= Jackie Reid =

Hershel N. "Jackie" Reid (March 27, 1899 in Boyd, Texas – January 5, 1971. Buried in Boyd Cemetery, Texas) was an American long-time minor league baseball pitcher, winning nearly 300 games. He also served as a minor league manager for a few years.

==Playing career==
Reid began his playing career in 1921, at the age of 22. He won over 15 games in a season ten times, and he won over 20 games in a season three times - in 1923, with the Marshall Indians, with whom he went 20–8 in 235 innings of work; in 1936, when he went a combined 22–8 with a 2.83 ERA in 45 games split between the Jacksonville Jax and Fort Worth Cats; and in 1937, when he went 22-16 for the Fort Worth Cats.
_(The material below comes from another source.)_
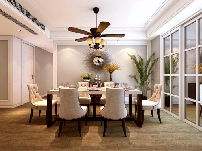餐厅的装修也非常有质感,典型的美式餐桌椅,精致的墙面装饰和充满自然气息的绿植,让餐厅每一处角落都十分精彩。尤其,顶部满是美式风情的风扇灯,是业主特别喜欢的装饰,也非常实用。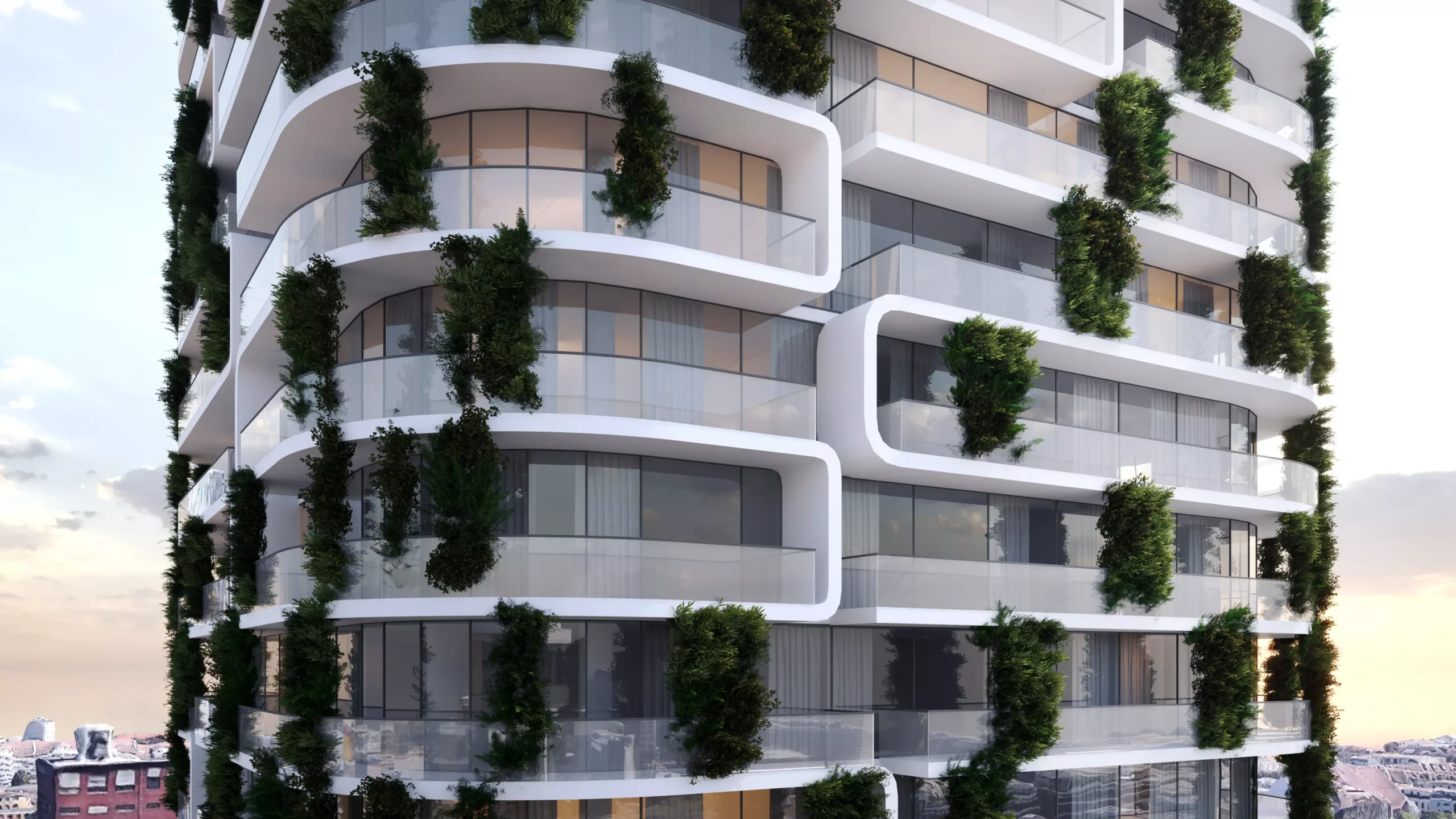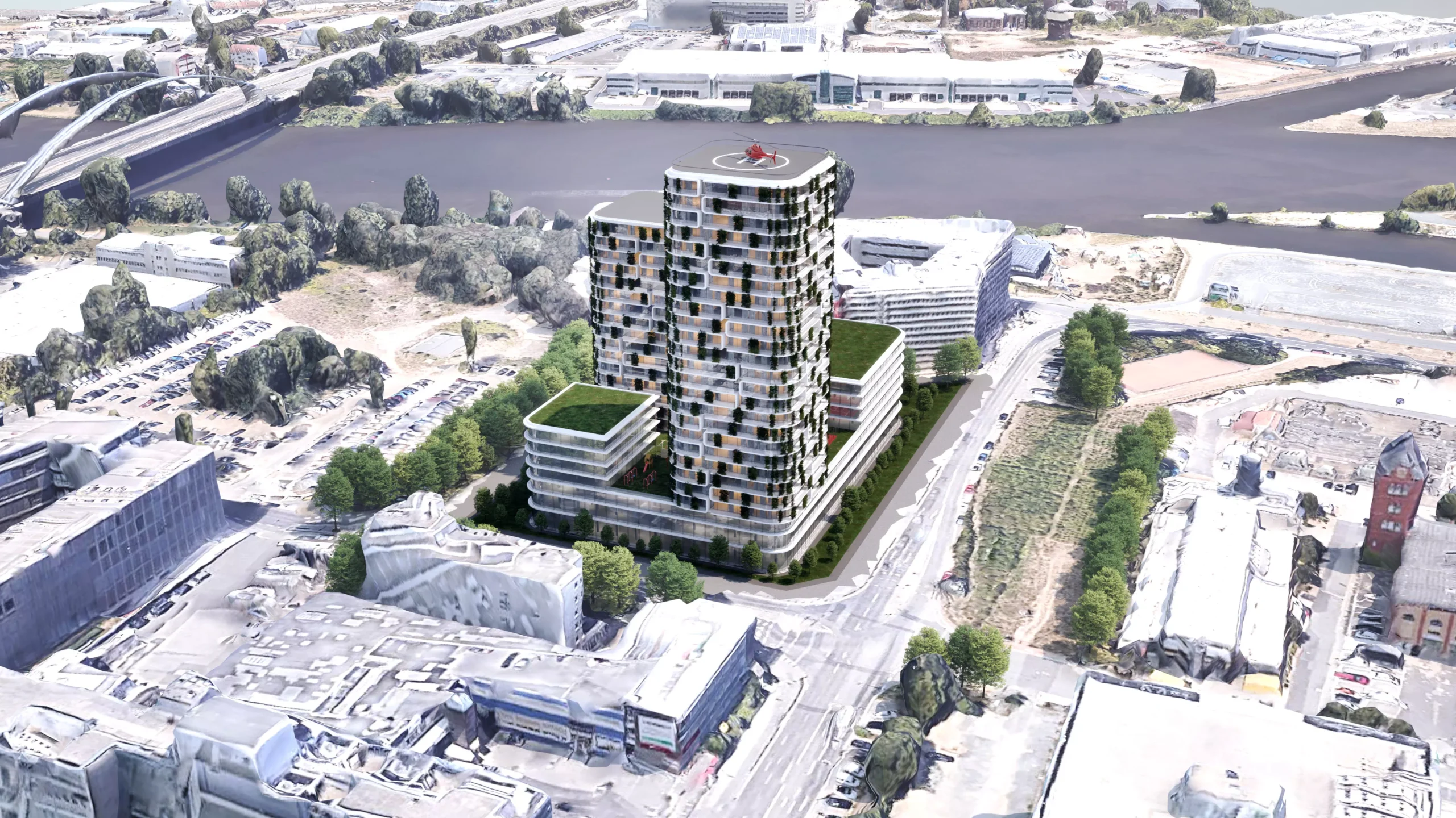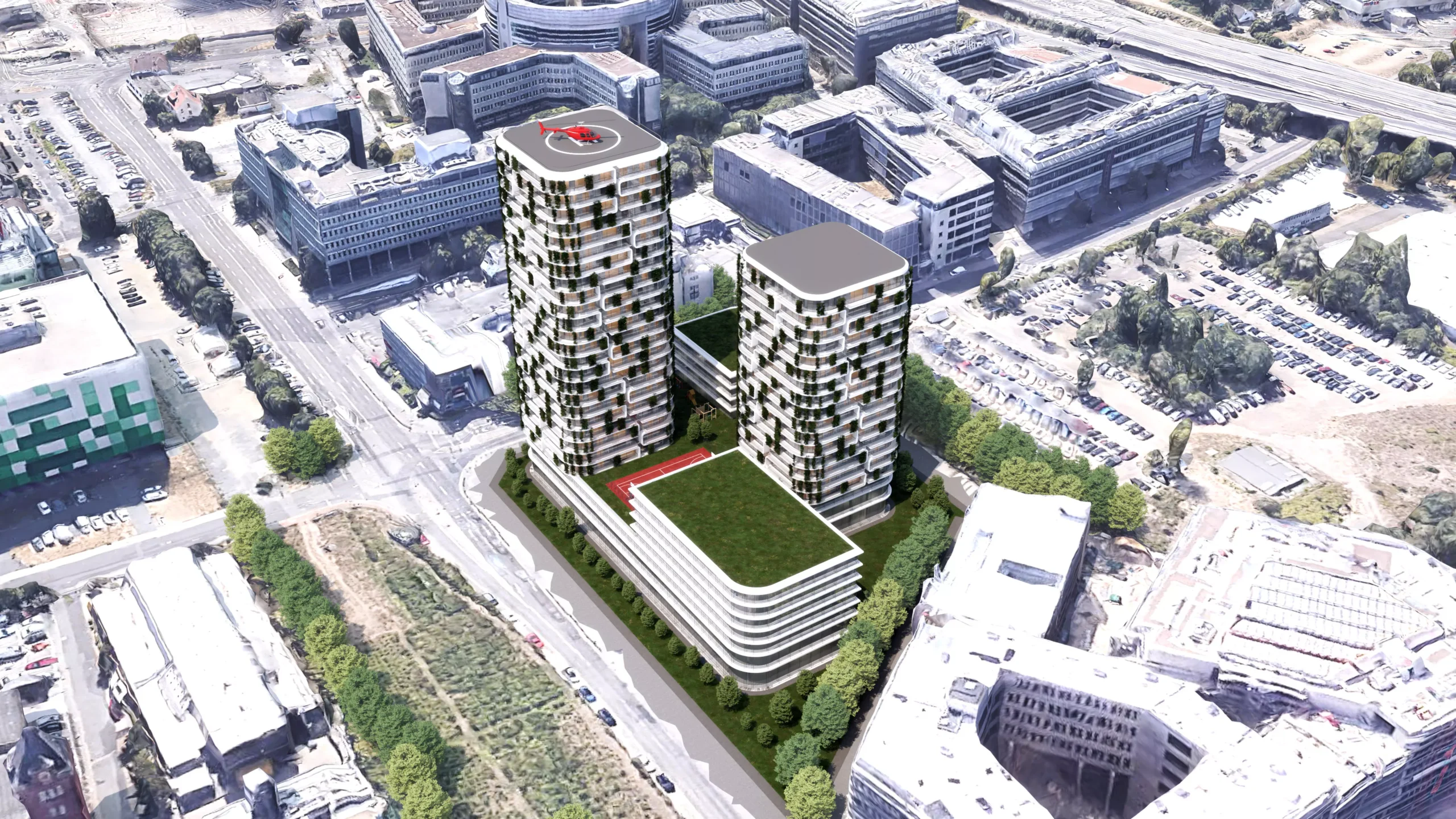 Konzept für einen multifunktionalen Wolkenkratzer in Offenbach zwischen Flughafen und Innenstadt. In der Basis des Gebäudes wird eine dreistöckige Shopping-Mall mit Einkaufszentrum, Restaurants und Unterhaltungsmöglichkeiten untergebracht. Oberhalb des Einzelhandels werden durch die beiden Tower teils 25 Wohngeschosse für Familien und Singles entstehen. Der oberste Teil der beiden Türme beherbergt jeweils drei Penthouse-Etagen in der Spitze. Insgesamt entstehen ca. 40.000,00 m² Nutzfläche.

Overall, he posted a record of 294–227, and current records indicate that his career ERA was 2.70, however that is inaccurate as multiple seasons in which he pitched are missing ERA information. He played his final season in 1941.

==Managing career==
He managed the Marshall Indians for part of the 1923 season, replacing incumbent manager Hick Munsell and being replaced by Johnny Jones. He replaced Jimmy Sanders in 1935 as manager of the Jacksonville Jax, leading the league to become league champions that season. In 1938, he replaced Cecil Coombs as manager of the Fort Worth Cats, and in 1948 he replaced Babe Peebles as manager of the Gainesville Owls.